Он надел старое полупальто, чиненые валенки, взял в сенях пешню, сачок, мешок и вынес все это во двор. Он рассчитывал: в Запертом сейчас, после февральских вьюг и мартовской оттепели, дохнет рыба. Стоит пробить лунку — и только поспевай черпать: полузадохшиеся щуки, окуни, плотва сами полезут в нее. В прежние годы он, бригадир, не допускал замора рыбы, всю зиму один из рыбаков следил за прорубью в озере, но нынче, конечно, никому дела до Запертого не было и потому в озере начался затор.

«Много-то я не стану брать», — убеждал себя Иван, укладывая и увязывая на салазках пешню, сачок и мешок.

Пелагея отогнала теленка, приладившегося жевать рукав бязевой рубахи, которая висела во дворе, открыла створку ворот и пожелала Ивану ни пуха ни пера.

— Иди к черту! — беззлобно ответил Иван, как полагалось по ритуалу. Оба засмеялись.

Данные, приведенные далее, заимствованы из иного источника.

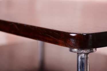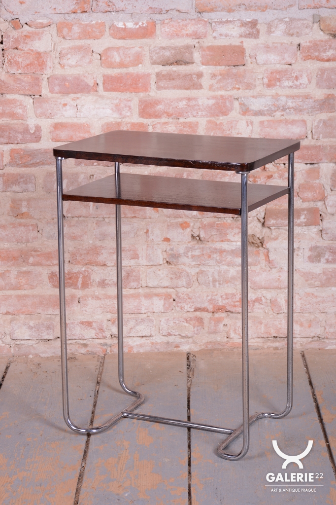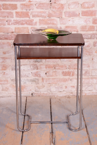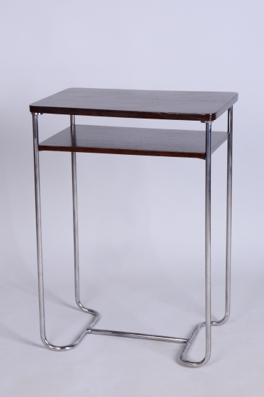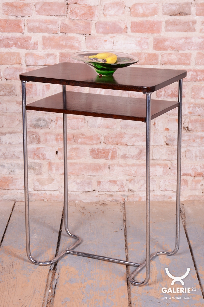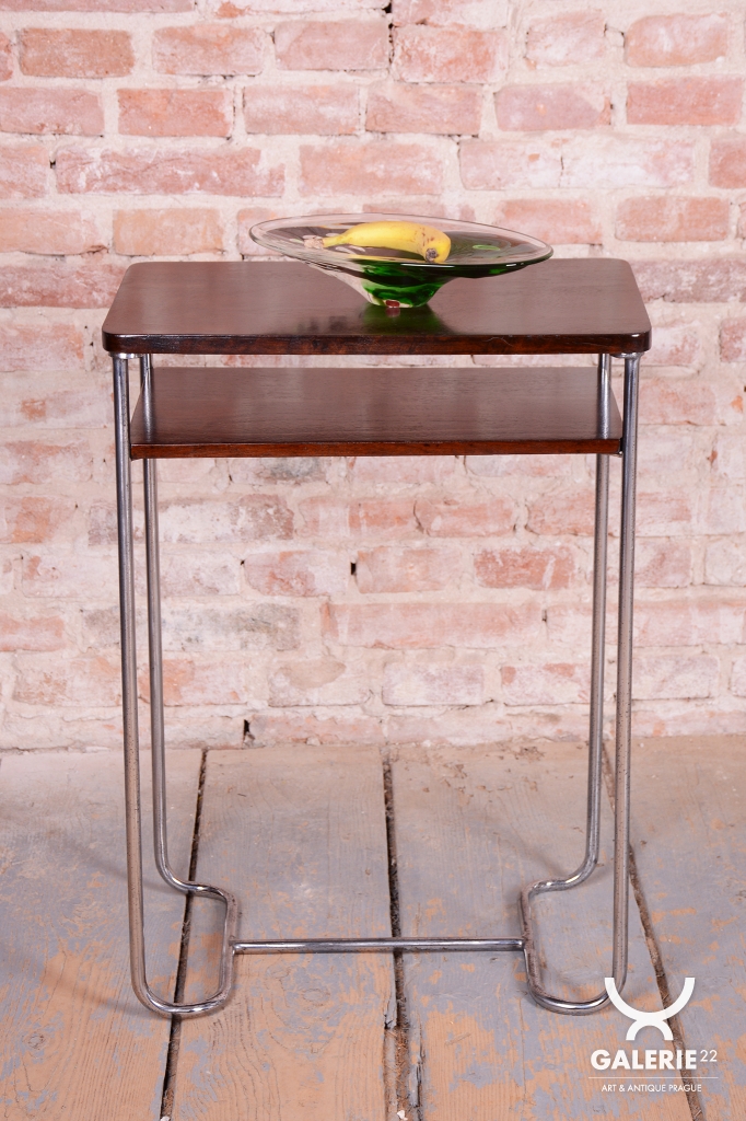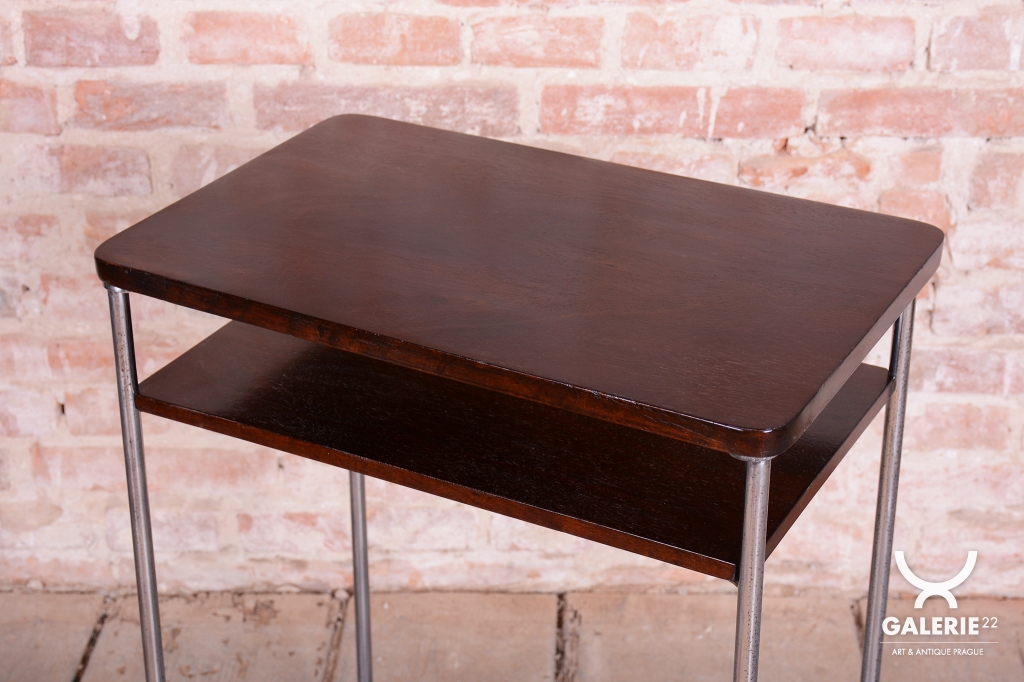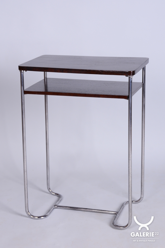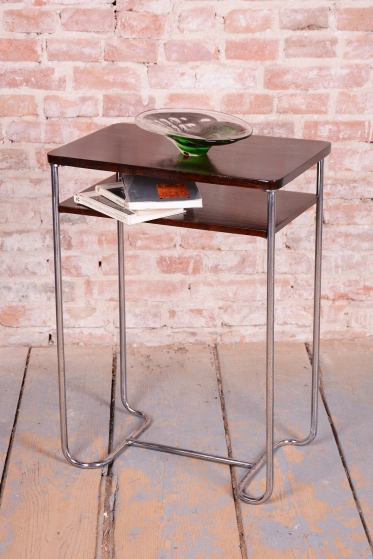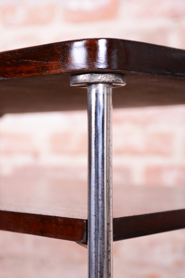 Tento elegantní Bauhaus odkládací stolek pochází z Československa z první poloviny 20. století. Je vyroben z trubkové chromované oceli a smrkové laťovky dýhované tmavým ořechem. Stolek zaujme svým nadčasovým designem a precizním řemeslným zpracováním. Výrobcem je firma Mücke-Melder.

Он решил идти к озеру напрямик, мимо дубовой гривы, рассчитывая, что осевший снег выдержит его, да и не хотелось, чтобы попадались встречные. А то начнут расспрашивать, ахать и охать, жаловаться и сетовать на тяготы жизни. Поэтому на середине свернул с торной, протоптанной лошадьми и пешими дороги, зашагал к острову, держа направление на опушку дубовой гривы. Вначале он не заметил, что кто-то тоже догадался срезать дорогу, направляясь, видимо, к Запертому. Не заметил потому, что весь был захвачен ощущением какой-то легкости и радости. Он даже остановился и стал осматриваться с улыбкой вокруг, шепча:

— Как здорово, черт возьми!

Тишина и снег. Его словно завернули в вату, и он будто бы оглох от этой тишины. Иван стоял на льду, и сугробы возле острова казались ему похожими на застывшие белые волны, которые не решаются ринуться на заросший тальником берег. А дальше по острову снег был подсиненным, словно выстиранное белье. Нет, определенно он никогда не замечал прежде, что снег может быть синим!